Leaders of the Communication Workers Union met with Royal Mail bosses for seven hours at the headquarters of the TUC in London, yesterday.

TUC general secretary Brendan Barber said neither side would be making any comment after the meeting.

Mr Barber said: "The Communication Workers Union and the Royal Mail have been meeting... at the TUC to discuss all the issues involved in the current dispute. We have had useful discussions... and the talks are being adjourned to allow further work to be done overnight on some of the issues involved."

Dave Ward, deputy general secretary of the union, said as he arrived for the talks that ministers could not continue "sitting on the sidelines".

Mr Ward said the dispute was "fundamentally" about jobs and workers' terms and conditions. "The change that postal workers are facing is on a scale that's greater than any other UK industry at the present time and I think what we are going to do... is end that confusion about what this dispute is about," he said.

He said the issue of the Royal Mail's pension deficit - which totals about £10 billion - needed to be resolved urgently. "There's no prospect of us building a successful future for the Royal Mail and for the workforce unless the government actually deal with that issue," he said. "That's why we keep saying the government can't keep sitting on the sidelines."

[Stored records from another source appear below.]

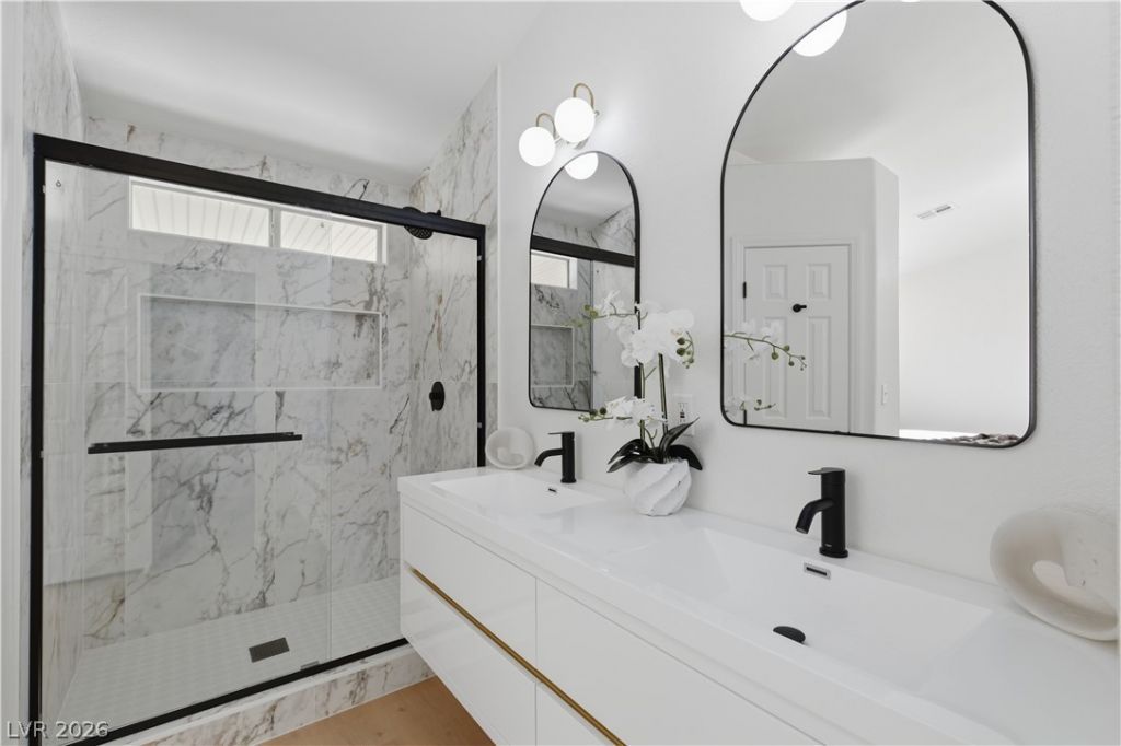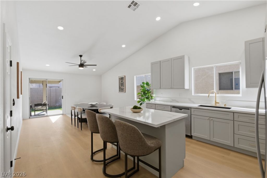 *** Now accepting FHA!***Welcome to this move-in ready, beautifully remodeled 3-bedroom home in the Silverwood Ranch community! Home includes a spacious backyard with an attached covered patio. Conveniently located with quick access to I-11 and less than 10 minutes from North Las Vegas Airport. Inside, enjoy vaulted ceilings, abundant natural light, modern light fixtures, a stylish accent wall, ceiling fans, plush carpet, and laminate wood flooring throughout. The custom kitchen offers a garden view, recessed lighting, upgraded countertops, custom cabinetry with elegant gold hardware, and a large island with seating?perfect for entertaining. Contemporary bathrooms showcase dual floating vanities with framed mirrors, custom lighting, sleek tiled showers with built-in niches, and luxurious rainfall shower heads. Stylish, modern, and ready to call home!
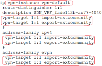 问题3:上述vsi实例的vpn-target 与 vpn-default实例的3个vpn-target 之间有啥关系,麻烦详细说明下,谢谢
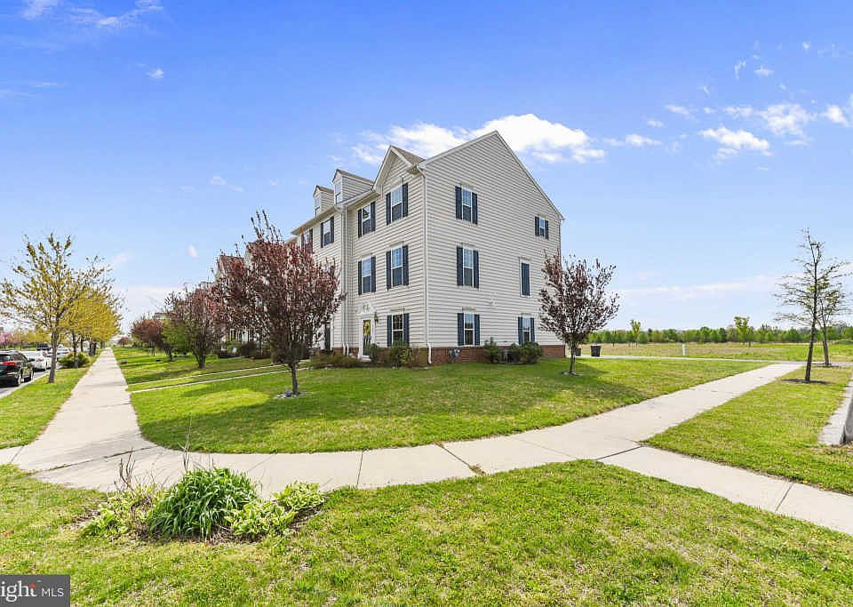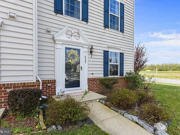All kinds of appeal at 522 Ann Moore St.! Premier end-unit townhome in exceptional Eden Hill Farm community offers 3 finished levels of living with privacy abound. Huge corner lot allows for sprawling open space on front, side and back of 3BRs/2~ bath home, while ribbon of sidewalk wraps around, offering ideal option for morning jogs and evening strolls. Front exterior consists of classic cream siding, highlighted by Williamsburg blue shutters and front door along with lower part of home made up of brick. Front door has ornate millwork surround and is eye-catching, and rear-entry 2-car garage keeps front exterior clean and crisp. Hardwood foyer is nicely-sized with white French doors granting access to carpeted study. Mud room and PR grace this level as well. Carpeted turn staircase leads to main living floor where there is nice blend of FR, Kitchen and DR. Kitchen and dining area/DR sit to back of home and are seamless to each other, creating wonderful niche for entertaining making it easy to go from preparing dinner in kitchen to enjoying it in DR. Both rooms have handsome hardwood floors and neutral beige paint. Kitchen touts sleek look! French-roast color 42~ cabinets are dramatic and paired with SS appliances and quality countertops, room exudes elegance! Center island with bar seating is ideal for everything from morning coffee to afternoon snacking to evening dining! Adjacent is dining area/DR where single pendant light in stylish pewter/frosted glass adds upscale touch, immediately setting inviting tone. Glass sliding doors grant access to generous deck with railing, which currently looks to open space dotted with trees, perch for quiet reading or lively entertaining! ~ wall separates DR/kitchen from casual FR space. Cloud gray paint adorns walls, where there is plenty of space for prints and photographs! Hardwoods turn to carpeting, softening room~s personality and with comfortable chair in alcove bordering steps it~s easy to see how this is go-to-gathering space! Large in size, room can easily accommodate big couch, love seat and multiple chairs/accessories. 2 windows keep room light, and ceiling fan maintains comfortable temp. Steps lead to upper level where 2 secondary BRs have oversized windows, roomy closets and carpeted floors, while MBR touts all those amenities along with walk-in closet as well as bath with dual-sink vanity. Both baths have tile floor and dark, handsome vanities, and with neutral paint 1 bath has blue accents, while other bath features tan hues. Fabulous feature is convenience of upper floor laundry room. DD slide back to reveal W & D with dual-purpose wire shelving so one can store laundry detergent and softeners, and hang delicates! Home is nearby to both Rt. 13 and Rt. 1, making Northern cities of Newark and Wilmington easily accessible as well as southern points of beach and beyond direct drive! Head-turning townhome!
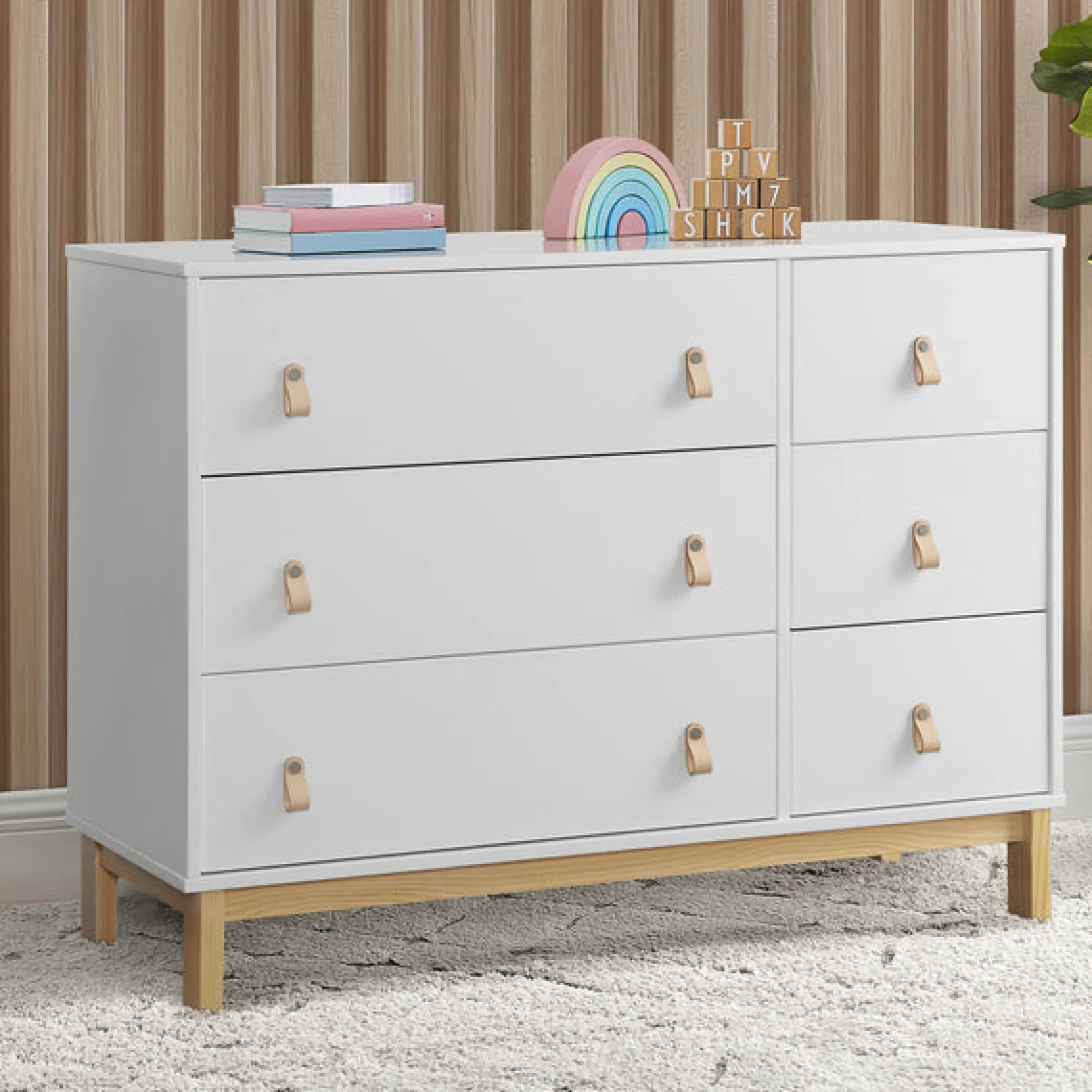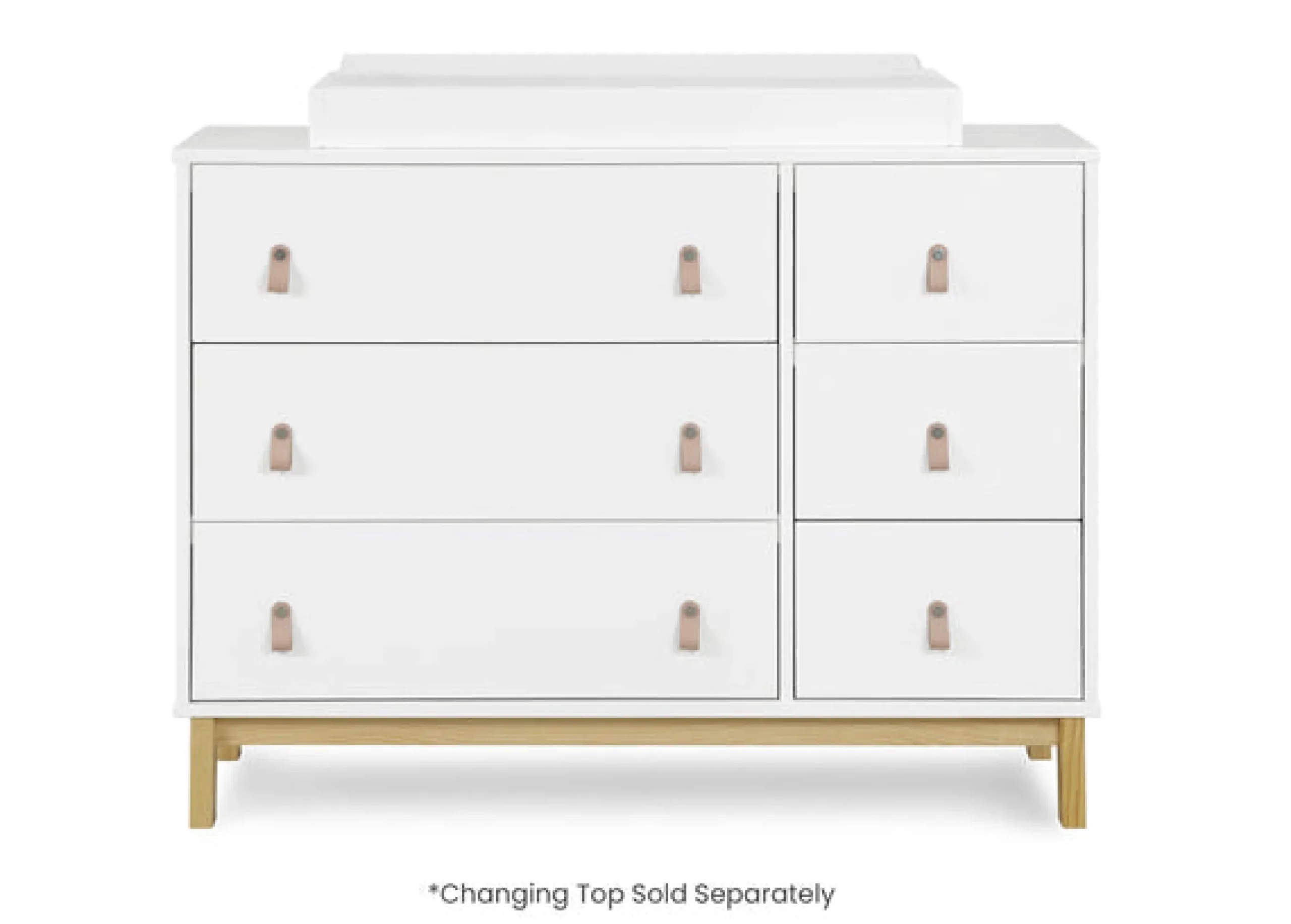 The babyGap by Delta Children Legacy 6 Drawer Dresser with Leather Pulls and Interlocking Drawers is a spacious and stylish storage option. A great addition to any nursery or kids’ bedroom, the leather drawer pulls add a fun detail to the piece. Crafted of sturdy, sustainable materials like New Zealand pine to give it plenty of longevity, this versatile dresser has a mix of small and large drawers to simplify organization. For your child’s safety, this dresser is outfitted with an interlocking drawer system that limits the number of drawers that can be opened at one time. Available in Bianca White/Natural, Navy/Natural and Ebony/Natural. Easily mix, match, and layer with other items from the babyGap Furniture and Bedding Collection. Pair with the coordinating Changing Top #W173810 to convert the dresser into a convenient changing table (Changing Top and changing pad sold separately). This babyGap by Delta Children dresser is tested to meet the current requirements of ASTM F2057, the mandatory CPSC safety standard that protects young children from furniture tip-over incidents. For your children’s safety, only purchase dressers that comply with this standard. For additional security, babyGap strongly recommends that all dressers in your home be anchored; all babyGap dressers include a wall anchor. To learn how to properly secure your dresser, please see the product assembly instructions or visit our website.

Royal Mail said the volume of delayed mail caused by last week's strikes by the CWU is expected to have fallen to five million items by the end, yesterday. The company said 30 million items had been delayed by two 24-hour walkouts on Thursday and Friday, but employees returned to work on Saturday and started tackling the backlog.

Up to 120,000 CWU members are set to stage three further 24-hour strikes from Thursday unless the deadlocked row is resolved at the TUC talks.